Se sabe que la vagina cuenta con un equilibrio bacteriano que es importante de mantener de forma saludable. Desde la infancia se les enseña a las niñas a lavarse con agua, a no utilizar jabón para no matar las ‘bacterias buenas’ de la zona, conocidas como microbiota vaginal, utilizar ropa interior de fibras naturales y luego cuando llega la menstruación a ser rigurosas con los productos de higiene escogidos y su recambio periódico. 

Pero existe un método complementario para limpiar los genitales: las duchas vaginales, rodeadas de mucho mito en torno a su uso. “Una vagina saludable tiene bacterias benignas y nocivas. El equilibrio de las bacterias ayuda a mantener un ambiente ácido el cual protege a la vagina de infecciones e irritaciones. Muchas pacientes que consultan por duchas vaginales piensan que es para combatir infecciones, cuando lo cierto es que podrían provocarlas”, explica Carmen Gloria Bórquez, matrona de Decidoinformada.cl, sitio web dedicado a la salud sexual femenina.

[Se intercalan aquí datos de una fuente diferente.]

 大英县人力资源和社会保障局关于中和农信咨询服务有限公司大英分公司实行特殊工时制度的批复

Un desequilibrio en los microorganismos propios de la vagina puede derivar en molestos síntomas, como picazón, mal olor y secreciones que incomodan en la vida cotidiana y tienen repercusiones en una vida sexual saludable. “La vagina tiene un ph más ácido que neutro (4.5- 5). Sin embargo, consejos basados en ‘secretos de la naturaleza’, como lavados con vinagre o bicarbonato de sodio, podrían desequilibrar la microbiota vaginal, alterando el ambiente natural”, advierte la experta, quien añade que en el 1.800 AC los egipcios practicaban la irrigación vaginal con lavados de miel y carbonato de sodio como método anticonceptivo con efecto de barrera y espermicida. “Miles de años más tarde, en el 1.800 DC, las mujeres practicaban lavados con mezclas de líquidos antisépticos, fragancias y vinagre, casi siempre con un enfoque anticonceptivo, para eliminar residuos de la menstruación o para prevenir enfermedades de transmisión sexual”, agrega, destacando que “estas funciones eran basadas en mitos, ya que el conocimiento medicinal revela que la propia microbiota vaginal higieniza el interior mediante la formación de mucosa la cual barre con la sangre, el semen y el flujo vaginal”.

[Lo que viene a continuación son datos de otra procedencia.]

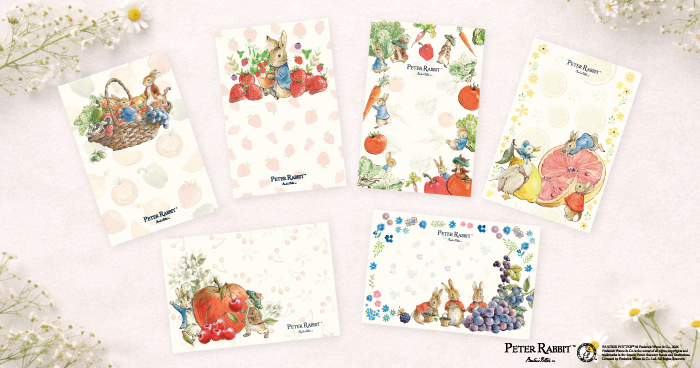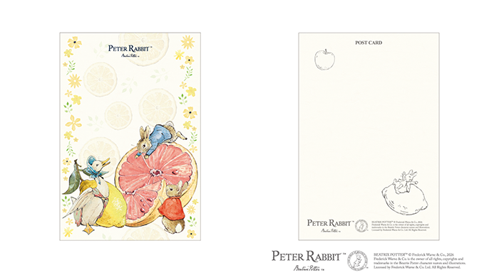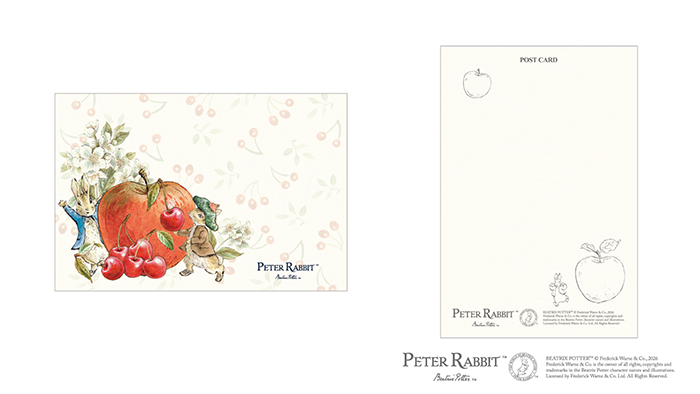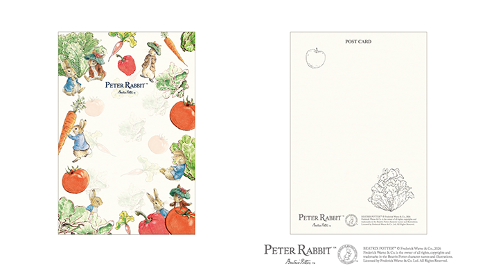 ピーターラビット™の世界を、みずみずしいフルーツ&ベジタブルとともに描いた絵はがきが登場。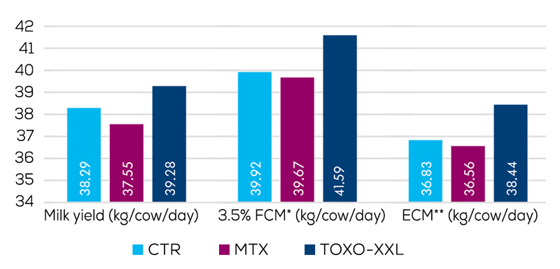 During a 54-day exposure to moderate levels of Fusarium mycotoxins, DMI (expressed as a percentage relative to body weight) reduced from 4.02 to 3.99%. Rumination time saw a reduction as well from 513 to 505 minutes. Additionally, milk yield decreased from 38.29 to 37.55 kg/cow/day (Figure 4). Supplementation of TOXO-XXL at 100 g/cow/day, however, was able to increase DMI, rumination time and milk yield to 4.09%, 525 minutes and 39.28 kg/cow/day, respectively.

El lavado diario de los genitales femeninos con agua, el correcto secado (evitar humedad), uso de ropa interior de fibras naturales y el recambio frecuente de productos de higiene durante el período son medidas suficientes de cuidado de la vagina. “El uso esporádico de duchas vaginales queda a discreción de cada usuaria, pero es importante señalar que un eso excesivo de este método de limpieza profunda puede derivar en un desequilibrio de los microorganismos naturales, que podrían derivar en infecciones como Candidiasis Vaginal o Vaginosis bacteriana”, advirtiendo que, si la mujer padece una infección en curso, el uso de la ducha vaginal podría incluso empujar la infección hacia el útero, las trompas de Falopio o los ovarios. “Una mujer que tiene hábitos de higiene vaginal adecuados no necesita una ducha vaginal”, puntualiza la matrona.